I also removed the unnecessary @inbounds which had no effect.

Below is a version which removes the branch to exit early and instead just checks once after the loop. It happens to be about the same speed for the given input (which is 410 characters) but for shorter inputs it can be significantly faster. For example on a 200-character string it is 2x faster.

julia> function ispangram12b(input::String)
           a = UInt8('a')
           appears::UInt32 = ~((one(UInt32)<<26)-one(UInt32))
           for b in codeunits(input)
               appears |= one(UInt32) << ((b | 0x20) - a)
           end
           appears == (-1%UInt32)
       end
ispangram12b (generic function with 1 method)

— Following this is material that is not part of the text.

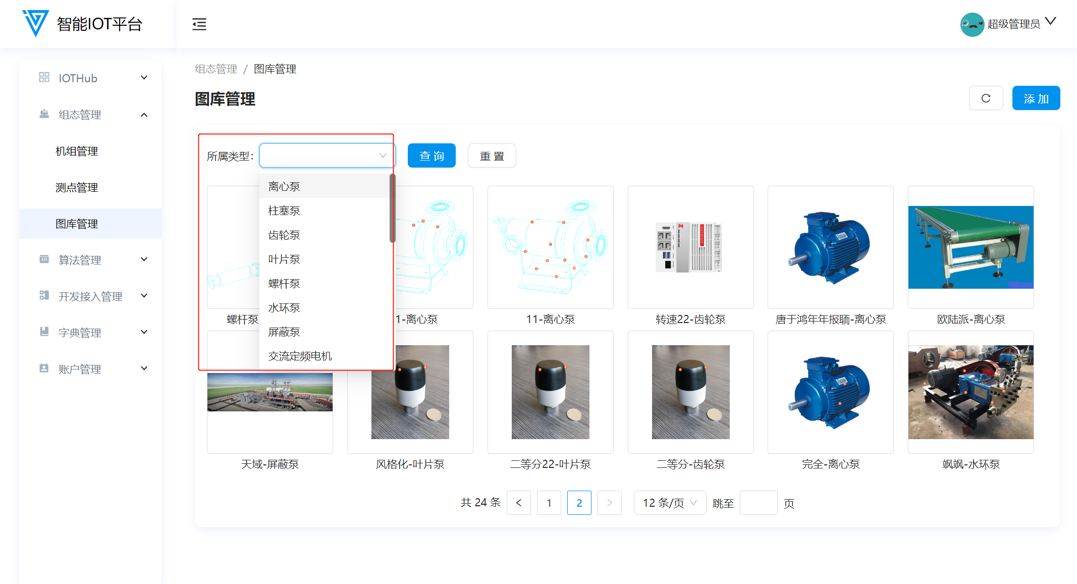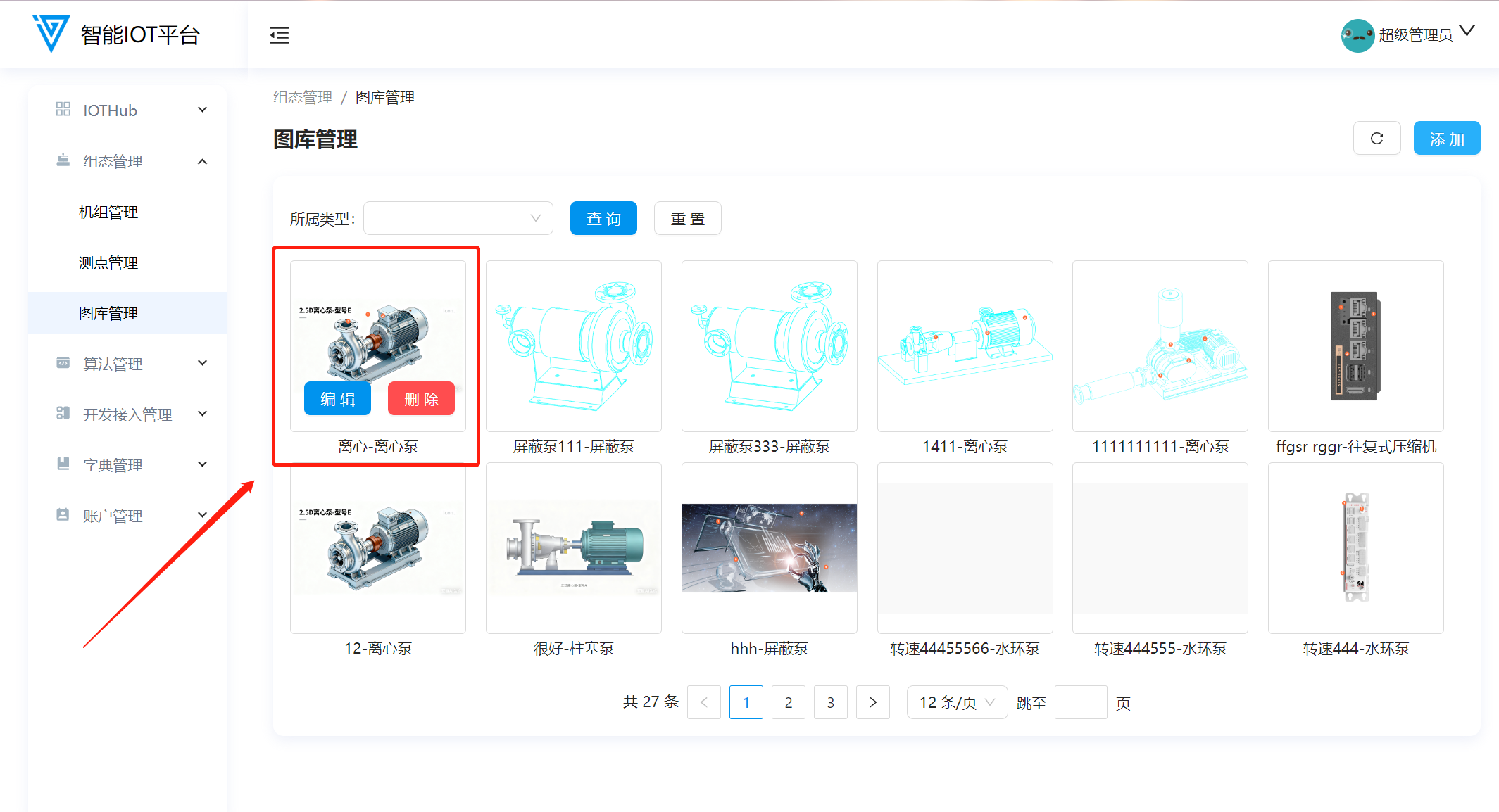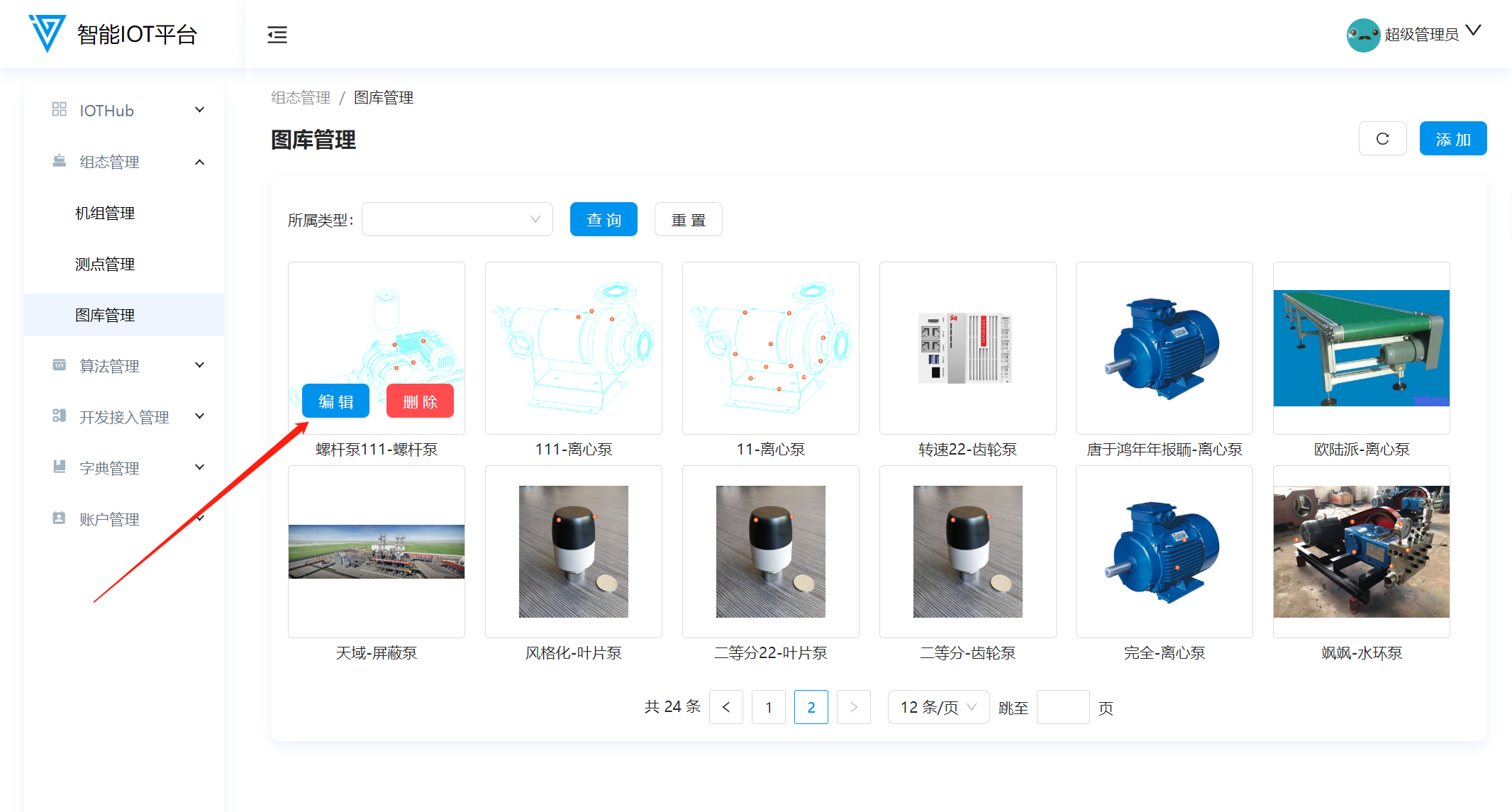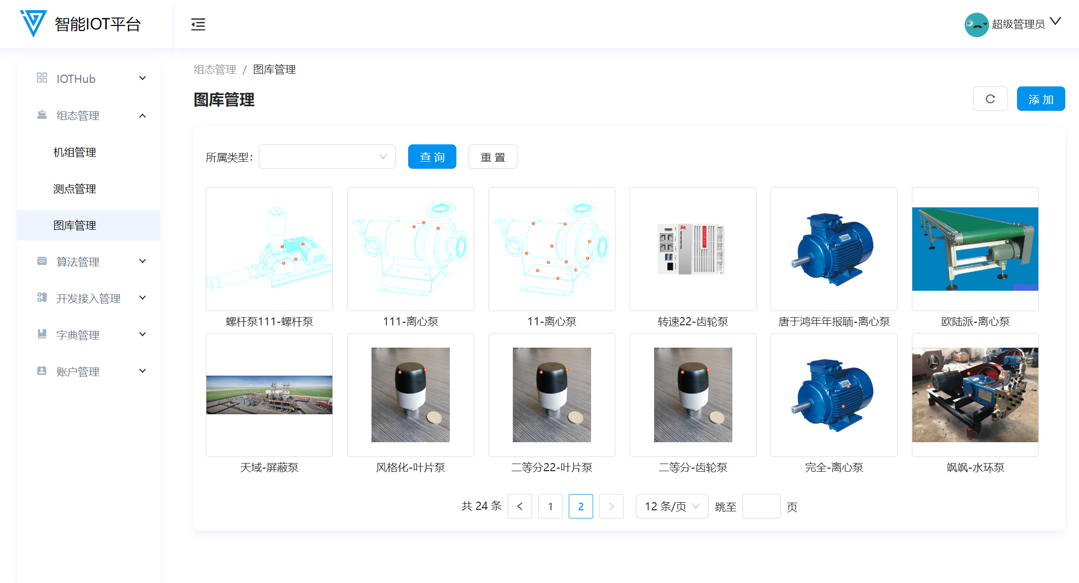 图库管理列表,列表为图片卡片形式,按照创建时间倒序排列,可以对卡片进行添加、编辑、查询、删除操作

julia> @btime ispangram12a($input)
  63.673 ns (0 allocations: 0 bytes)
true

julia> @btime ispangram12b($input)
  66.496 ns (0 allocations: 0 bytes)
true

julia> @btime ispangram12a($(input[1:200]))
  61.429 ns (0 allocations: 0 bytes)
true

julia> @btime ispangram12b($(input[1:200]))
  31.791 ns (0 allocations: 0 bytes)
true

Edit: Interesting it is managing to process 6.2 bytes per nanosecond. I assume the compiler has automatically SIMD’d the loop?

7 Likes

To be fair with Python, which also included startup time in OP:

import sys
import timeit

def verifica_letras(string):
   letras_usadas = set(string.lower())
   letras_alfabeto = set('abcdefghijklmnopqrstuvwxyz')
   return letras_usadas == letras_alfabeto

input = "wjjqevffkkgbcehhiqpvqutmwxawzvjnbvukmlzxyhkgfddzfjhcujnlkjbdfgghjhujkiuytghjioplkjhgfdsaqwertyujioplkjhgfdsaqwertzuioplkjhgfdsazxcvbnmlkjhgfdsaqwertyuioplkjhgfdsazxcvbnmlkjhgfdsaqwertyuioplkjhgfdsaqwertyuioplkjhgfdsazxcvbnmlkjhgfdsaqwertyuioplkjhgfdsaqwertyuioplkjhgfdsazxcvbnmlkjhgfdsaqwertyuioplkjhgfdsaqwertyuioplkjhgfdsazxcvbnmlkjhgfdsaqwertyuioplkjhgfdsaqwertyuioplkjhgfdsaqwertyuioplkjhgfdsaqwertyuioplkj"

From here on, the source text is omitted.